Informative review. Thank you. 

As an owner of the *Nitecore P36*, I especially appreciated the outdoor shots comparing it to the EA81. The *Nitecore EA81* throws something like twice as far, but the P36 has the nice tint and wide hot spot of the MT-G2. Both have their uses. 

The tint differences were readily apparent in both the greens of the grass and the grays of the pavement.


----------



## Mr Floppy (Sep 23, 2015)

Thanks for the review. I can't help but think that it is missing at least one mode of 10-15 lumens. Maybe another at 180-220 lumens, perhaps 120 instead of 80. 

I would love one of these, but modes don't do it for me


----------



## WarRaven (Sep 23, 2015)

Great review!
Kudos.
Nice performance.
+1 ☺👍


----------



## creegeek (Sep 23, 2015)

Great review thanks!

How long does Turbo last? I just saw the EC4S review and it's a "ski slope" from the minute Turbo is activated. I'm hoping the EA81 is regulated and provides plenty of 2K lumens when needed.

Thanks again!


----------



## UnderPar (Sep 23, 2015)

Thanks for this review. Really appreciate the beam comparison between this EA81 and P36. The comparison with LD60 also helped. Seems like an interesting light.


----------



## ven (Sep 23, 2015)

Great review, thanks for sharing Must admit i prefer the p36 by a good bit out of all of them, love the MTG2 tint/beam.


----------



## Dioni (Sep 23, 2015)

Great review!!! :twothumbs


----------



## Ladd (Sep 23, 2015)

Great review. Thanks for the read!


----------



## KeepingItLight (Sep 23, 2015)

creegeek said:


> How long does Turbo last? I just saw the EC4S review and it's a "ski slope" from the minute Turbo is activated. I'm hoping the EA81 is regulated and provides plenty of 2K lumens when needed.

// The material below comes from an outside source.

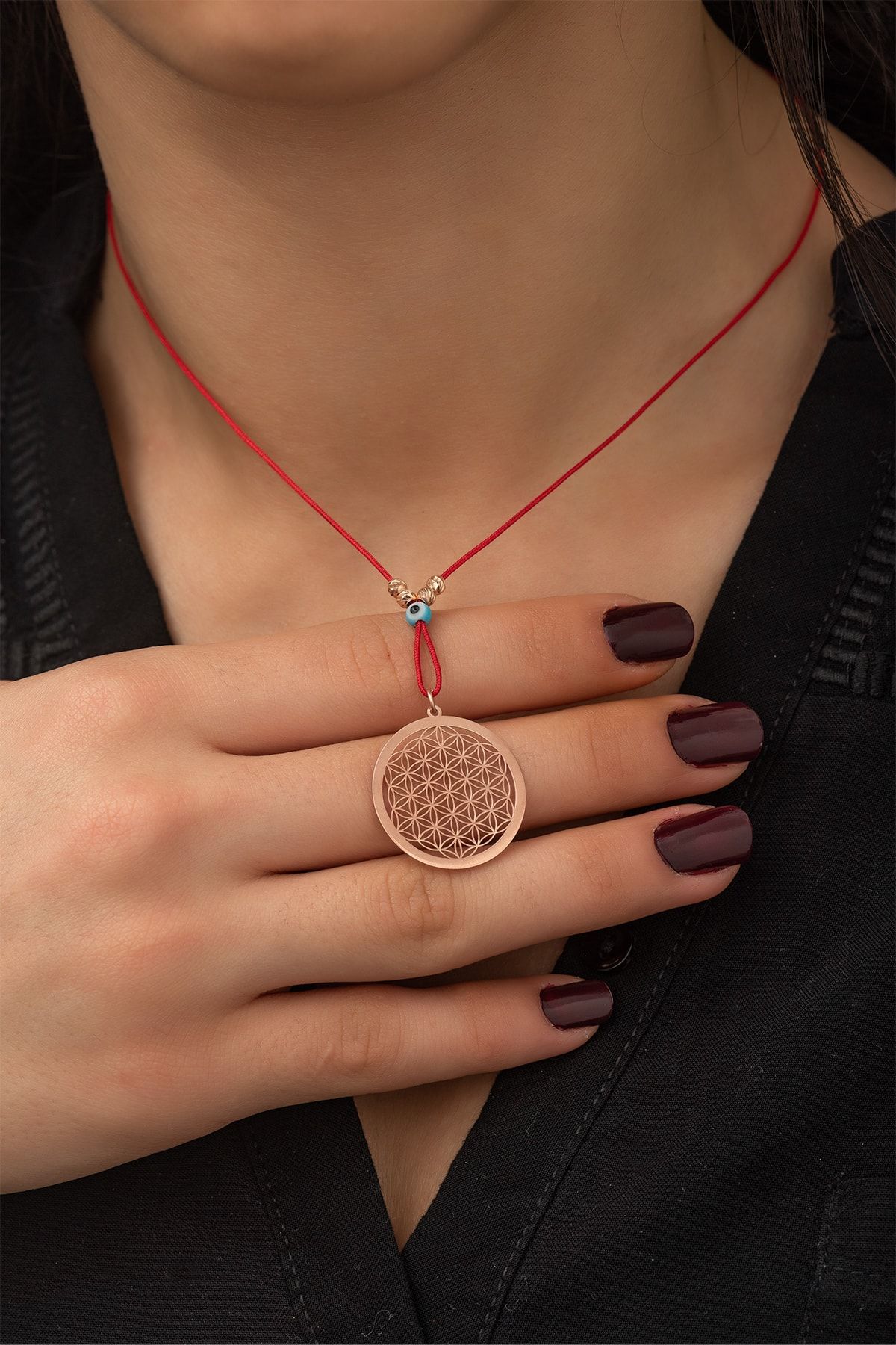 Kırmızı İpli Yaşam Çiçeği Kolye - Nazarlı ve Dorica Toplu Rose Gold Kaplama 925 Ayar Gümüş Kolye - UVPS100242

Is this a realistic expectation? The only way to get extended, flat runtimes on turbo is to design a flashlight so that it does not have a turbo. That way, the "high" setting can hold its output level for a reasonable period. 

I see turbo and boost modes as features that allow a temporary, short-lived jump to super-high output levels. Psychologically, however, I think of my flashlights based on the much lower levels that they can sustain for longer periods. 

If you think of the *Nitecore EA81* as 2150 lumen flashlight, you are bound to be disappointed. If, instead, you describe the EA81 as a 1200 lumen flashlight that happens to have a 2150 lumen turbo mode, there is a lot to get excited about.


----------



## kj75 (Sep 24, 2015)

Thank you all for your kind words! 



> I can't help but think that it is missing at least one mode of 10-15 lumens.



Yes, I understand. But it's a searchlight, so I prefer the ultralow over the 10-15 lumens to have long runtimes in emergency falls.



> How long does Turbo last? I just saw the EC4S review and it's a "ski slope" from the minute Turbo is activated. I'm hoping the EA81 is regulated and provides plenty of 2K lumens when needed.



Thanks to the big head, this light will last on turbo longer than P36 and EC4S, it doesn't get hot that fast. Of course, the light will decrease output soon, but do you real notice this in real life?? I usually use Turbo for short times..



> Must admit i prefer the p36 by a good bit out of all of them, love the MTG2 tint/beam.



It seems a trend manufacturers will pass the lovely MT-G2.... Such a nice led..


----------



## CelticCross74 (Oct 5, 2015)

awesome review kj75!! Outstanding photos! I would actually buy this light if I were in the market for another big light! That is saying a lot considering I usually rip Nitecore. This light looks brighter than the P36 and EC4s...hmmm


----------



## Timothybil (Oct 5, 2015)

Just went back and compared to original EA8. The XHP50 must have a much better efficiency because even with twice the lumen output on Turbo, the EA81 still manages an hour and 45 minutes, as opposed to two hours for the EA8. If I didn't already have my TM16 I would be tempted, even though I have an EA8 as well. The addiction never stops, does it.


----------



## creegeek (Oct 6, 2015)

Thanks for the responses about turbo mode... let me clarify...

If it provides a minute or so at 2K then I'm happy - so long as I can get 2K again after a cooling off period. What concerns me about the EC4S is that the voltage may not be high enough to sustain turbo after one use. The "ski slope" I'm referring to may be voltage related. But I don't know.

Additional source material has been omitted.